Perhaps another picture would illustrate the idea better:

12 rows ↔ 13 rows

On the left are 12 rows each with 12 boxes. By shifting down the cyan boxes, 13 full rows are seemingly created but with each row having 1 box less than the original row. **Note that the total number of colored boxes is preserved.** This is the principle of equivalent exchange: you cannot create something out of nothing. Ok, now I’m just doing f***ing commercial for FMA. :p

While this puzzle is merely an optical illusion, there does exist a mathematical theorem that truly violates the principle of equivalent exchange:

Banach–Tarski paradox.

It states, in particular, that you can take a ball, separate it into 5 different parts, then rearrange them into two balls each having the same volume as the original ball—effectively doubling the original ball.

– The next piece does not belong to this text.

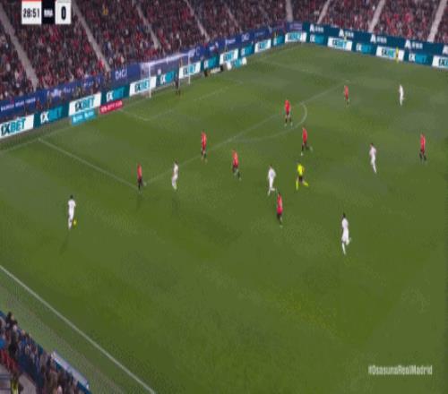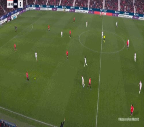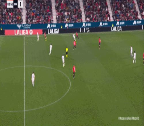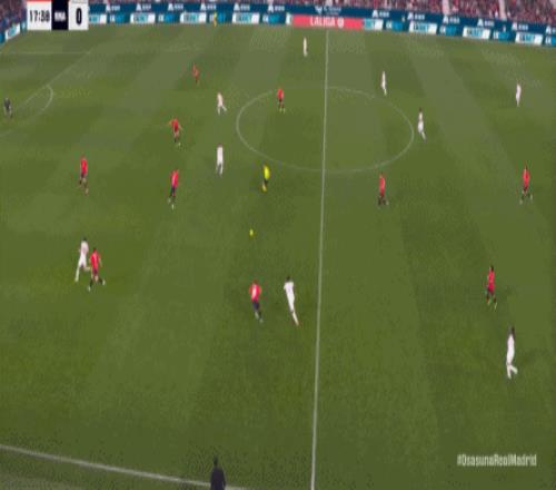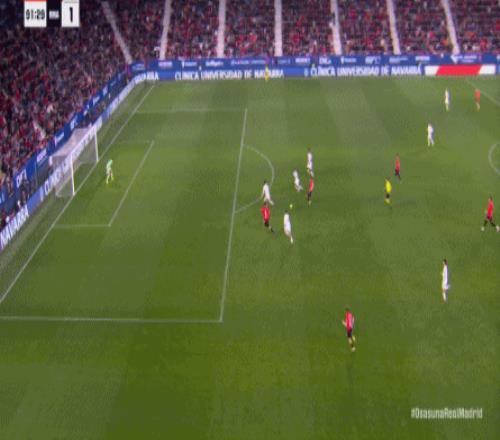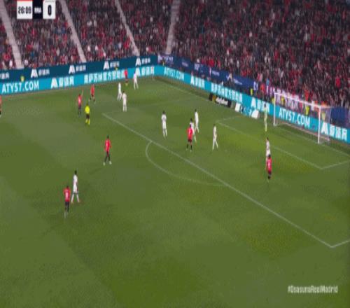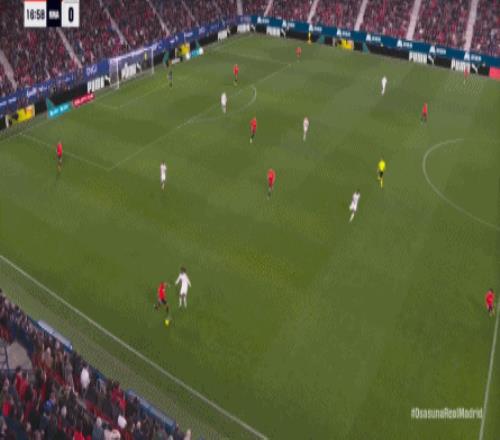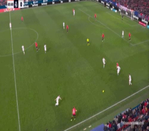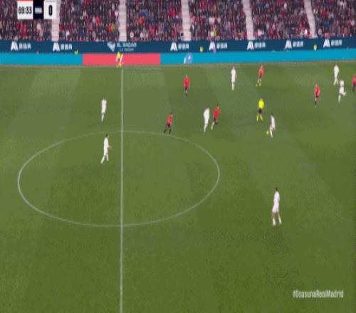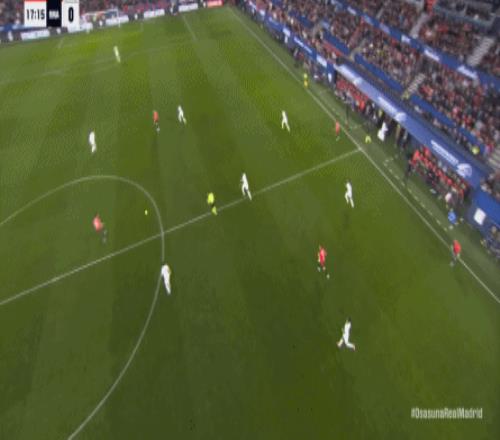 其中一次就是上半场的开分球,在皇马的进攻和逼抢都极其低效的情况下,奥萨苏纳很容易地就能获得起脚空间,就像这次,在边路的处理压力都不大,于是一脚斜长传打到结合部,让皇马付出了点球的代价:

This is no optical illusion. No stupid trick either. It is a rigorously proven mathematical fact. Can I show you the 5 parts? Not really. Mathematicians can only prove that such division of the ball must exists, but they can probably never be able to produce an example.

Now you must have two questions: *Why must such division exist?* and *why can’t mathematicians produce an example of the 5 parts?*

Such division must exist because of another innocuous mathematical statement:

Axiom of Choice.

It says that from an infinite number of nonempty bags of marbles it is always possible to draw a marble from each bags. The wikipedia pages are there if you want to see the connection between the axiom of choice and the Banach-Tarski paradox.

As to the second question, those 5 parts can probably be never demonstrated, because, as it turns out, the axiom of choice can be accepted or rejected independently from mathematics and yet we can still produce consistent mathematics either way. Again, the wikipedia pages are there if you are curious exactly what that means.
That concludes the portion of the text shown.